Good news everyone, after trying to go number two in my hospital bed I could not feel any dripping of cerebrospinal fluid down my throat or out of my nose. Crisis averted. Dr. J told me to hang in there, everything looked great and Dr. M would be by later to give me the details of my surgery and our next steps forward. He also handed me the house phone and a menu and told me to eat something. The mention of food woke up something primal in my stomach. I realized I hadn’t really eaten anything for 36 hours except a few saltines. I picked up the phone and ordered from the menu. Surprisingly the things that sounded good to me were things your mom packed for your school lunch. I wanted a banana, peanut butter sandwich, milk, chicken soup, and a brownie. It’s tough to eat when you can’t breathe through your nose. I’m sure everyone knows this feeling if you have allergies or have ever had a sinus infection. You don’t want to chew with your mouth open but otherwise you have to hold your breath. After half a sandwich I was panting like I’d just run a mile.

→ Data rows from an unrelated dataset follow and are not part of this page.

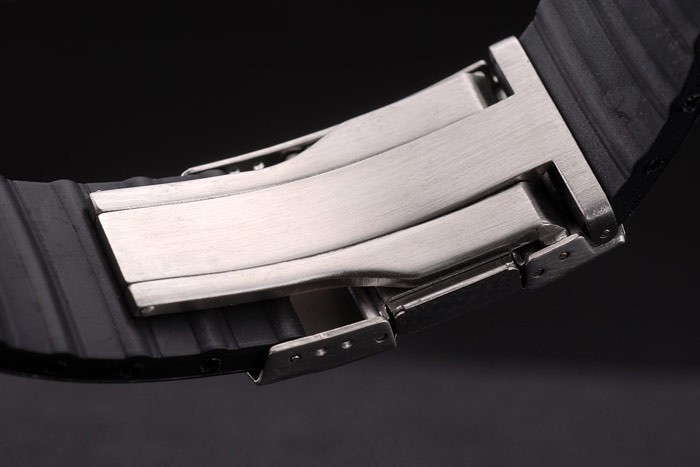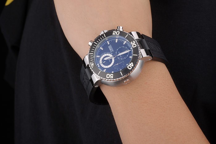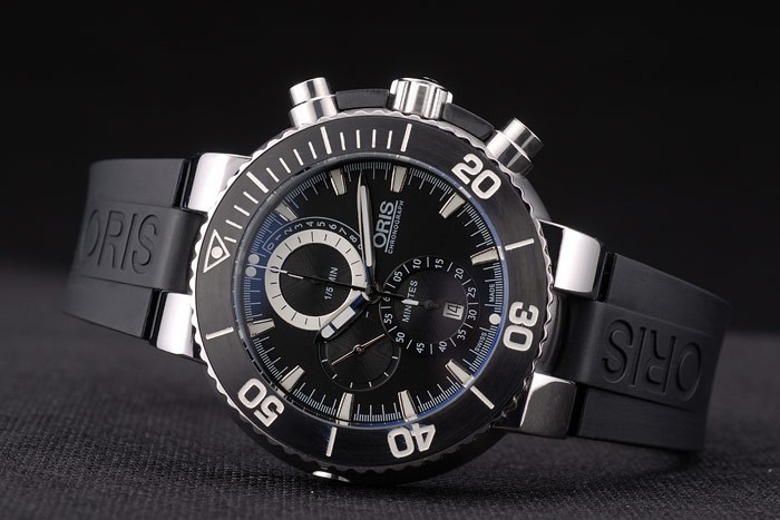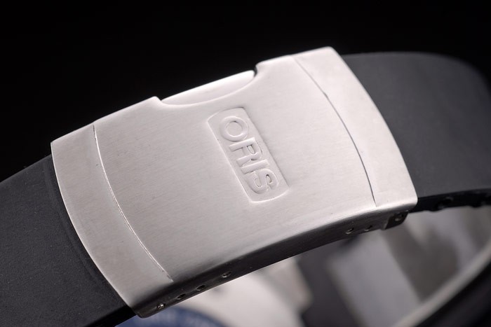 Gender: el despliegue de acero correa de caucho negro Oris de calor en relieve con Oris grabado inoxidable cepillado: Hombres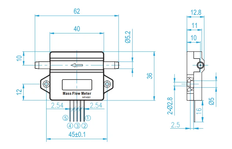 MF4001 RS485 Output Mass Digital Air, Gas Flow Sensor | ||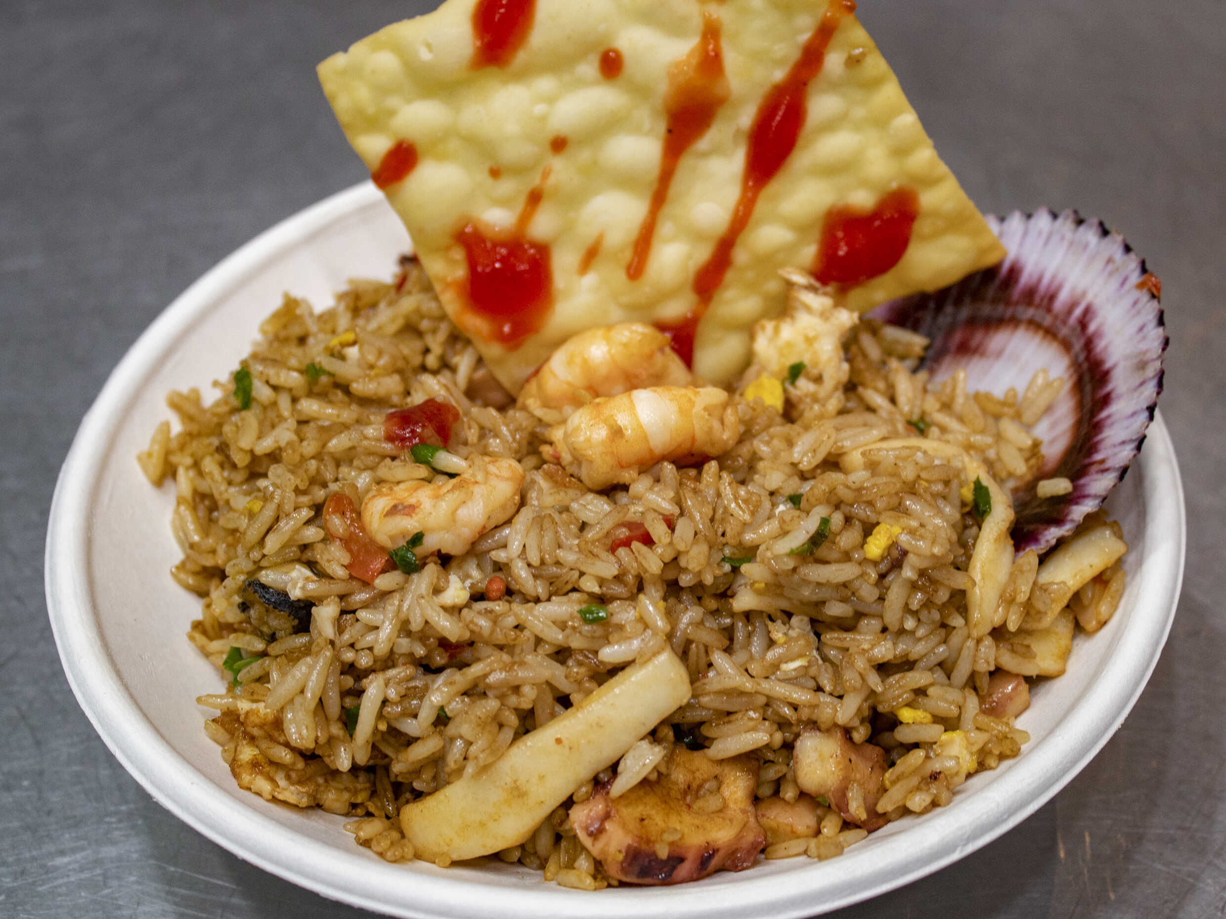 Preparado con variedad de marisco, arroz, pimiento, huevo, ajonjolí, sillao, kion, wantan frito y tamarindo.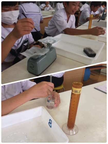 密度による物質の区別として実験を行いました。上ざら天秤で食塩の質量を測ったり、メスシリンダーで水の体積を測ったりしています。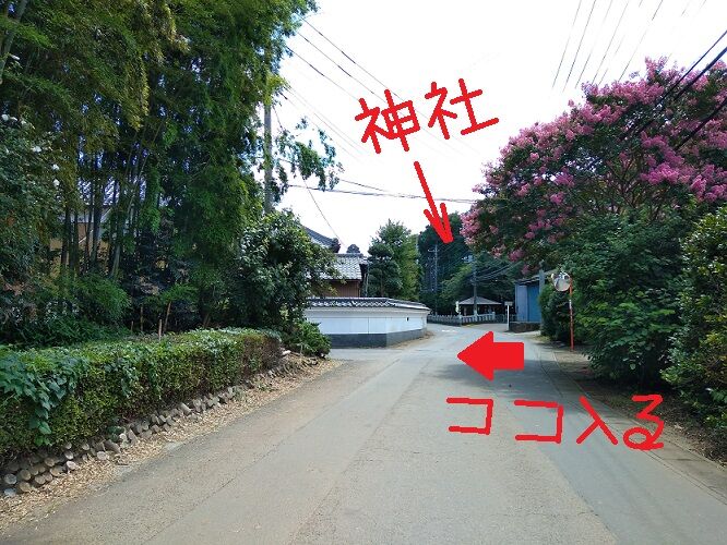 上の白壁のところを入って下さい。神社まで行ったら行きすぎです。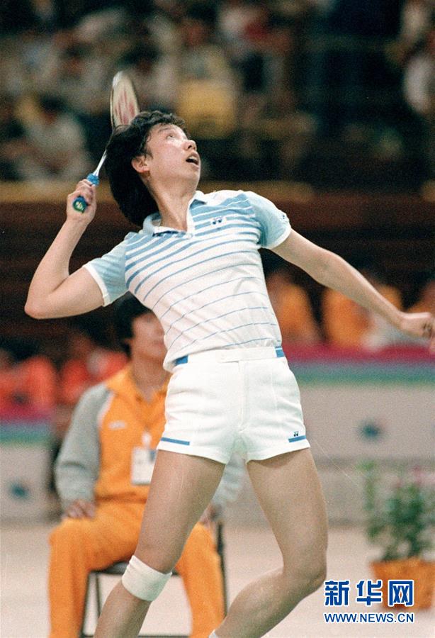 圖為韓愛萍在韓國漢城(首爾)舉行的第十屆亞洲運動會羽毛球女子單打比賽中擊球(資料照片),她最終奪得女單冠軍。新華社記者胡越攝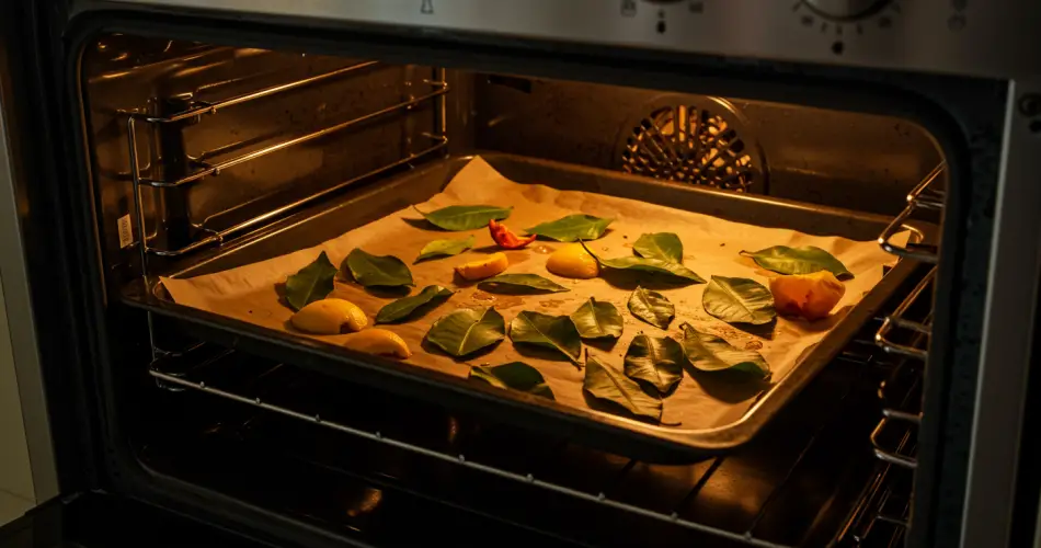 During this process, the leaves will release their natural essential oils. These oils have a powerful aroma that neutralizes unwanted odors, including those caused by burnt food. After just a few minutes in the oven, the scent will fill the kitchen and can linger throughout your home for days, leaving a refreshing and natural citrus fragrance.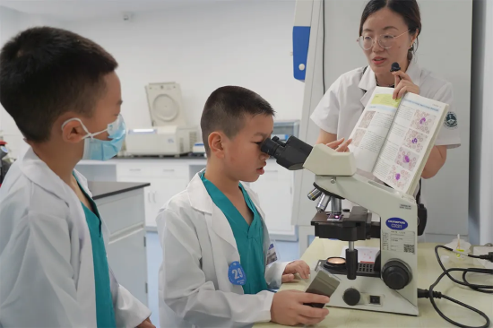 孩子们换上定制的“小医生”手术衣和白大褂,佩戴专属工号牌,在医院党史宣讲员的带领下,聆听生动的党史故事、学心肺复苏术(CPR)和“七步洗手法”、胸外按压、人工呼吸等,亲身体验到急救的紧迫与力量。来到手术室和科研实验室,观摩达芬奇机器人手术、观察实验设备、亲手操作显微镜等,感受到了前沿科技的魅力,点燃了孩子们对医学的无限好奇与探索欲。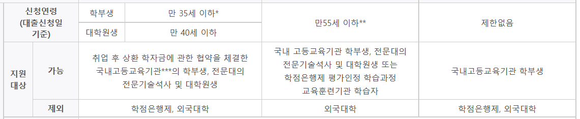 신청 가능한 나이는 대출 신청일 기준으로 만 35세이하, 만 45세 이하의 전문대학교(학과 채용조건에 상이할 수 있음) 에 입학 또는 재학 중인 학생은 취업 후 상환 가능한 학자금 대출을 신청 할 수 있습니다.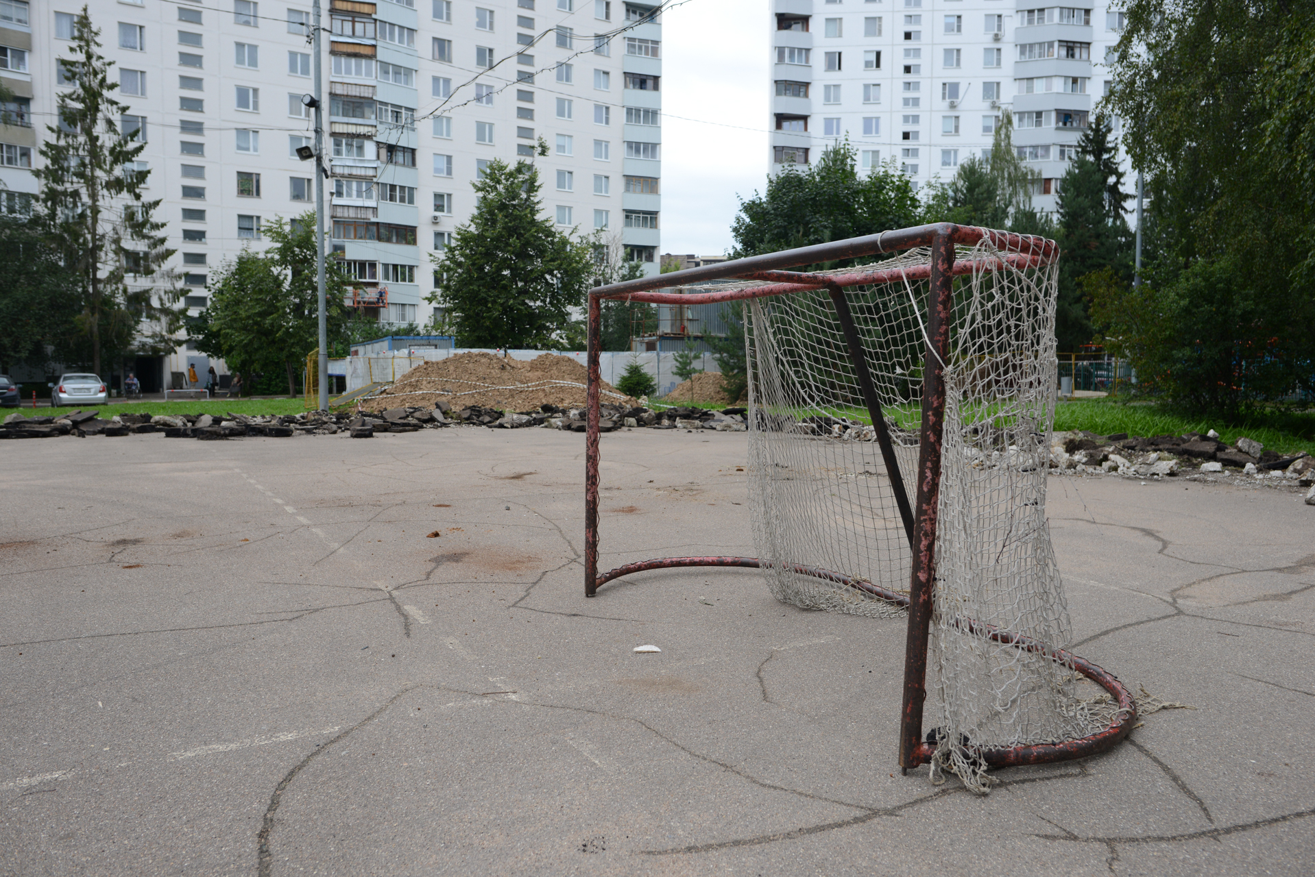 Отбойный молоток методично вскрывает асфальт, медленно двигаясь по периметру поля. Борта, которые пару дней назад стояли на своих местах, демонтированы и увезены. Ремонт хоккейной коробки на улице Солнечной начат на прошлой неделе. На реконструкцию отведён один месяц.

After eating I sighed and laid back against the bed, feeling almost comfortable for the first time in quite a few days. I had just started to sink into a food coma when Dr. M breezed into the room. I mentioned earlier that he is serious and efficient. He saves the lives of many people with extremely serious health issues every day and he does it multiple times a day. When he speaks it is with a quiet confidence, no other emotion. He doesn’t use ten words when two will do. I like his style.
I’m also intrigued by him. For someone who does not show emotion very readily he radiates intensity. I remember the first time we talked about my tumor I was sitting in the exam chair and he was in the rolling chair at the desk across the room. When we began talking about my surgery he rolled the chair closer to me. He was perhaps only one foot away. He looked me square in my eyes and told me what his plan was. We discussed the risks and the unknowns. He never downplayed them or gave the impression of “don’t worry girl, I got this.” I knew how serious the procedure was and I was very nervous about it but there was something about the way he presented his ability as a surgeon. I knew that if there was a way he would find it and if he could fix it he would.
I also took his serious demeanor as a challenge. I totally wanted to crack him. Too bad I wasn’t on Versed then, I’m sure I could have gotten him to smile. He still had scrubs on and stood at the foot of my bed and leaned casually against the wall as he spoke. He told me that the surgery could not have possibly gone better. Bleeding had been kept to a minimum, my optic nerve was still intact, my dura had not been compromised, and he had been able to remove all of the tumor endo-scopically. Once my black eye healed and we took the packing out of my nose I would have no visible scarring from this surgery. My parents slumped against each other with relief and exhaustion and Matt squeezed my hand. We had done it. We had gone through the looking glass and we were going to make it back in one piece. I looked Dr. M in the eyes and then motioned my head towards the door, “So when can I, you know, get out of here?” (if he had said right now I would have bolted for the door right then.)
“Very soon. I will have a nurse come in and advise you about at home care, we will write a prescription for pain relief, take out your IV’s and you can be on your way.”
“When can I fly home?”
“Tomorrow if you like. It will not be comfortable though. The pressure change in the cabin will hurt with all that packing. You have five gel packs in your sinuses as well as the packing in your nose right now.”
“When can I pull this thing out?”
“Patience is a virtue Miss Fahs, you will need to leave it in there for three days. You can have your ENT at home remove it. But prepare yourself, the next three days and the removal will also be uncomfortable.”
Yeah yeah yeah, pain, discomfort, “be patient” none of that was new. But I was building up to the most important question of all,
“I have a very important race coming up. When can I start training again?”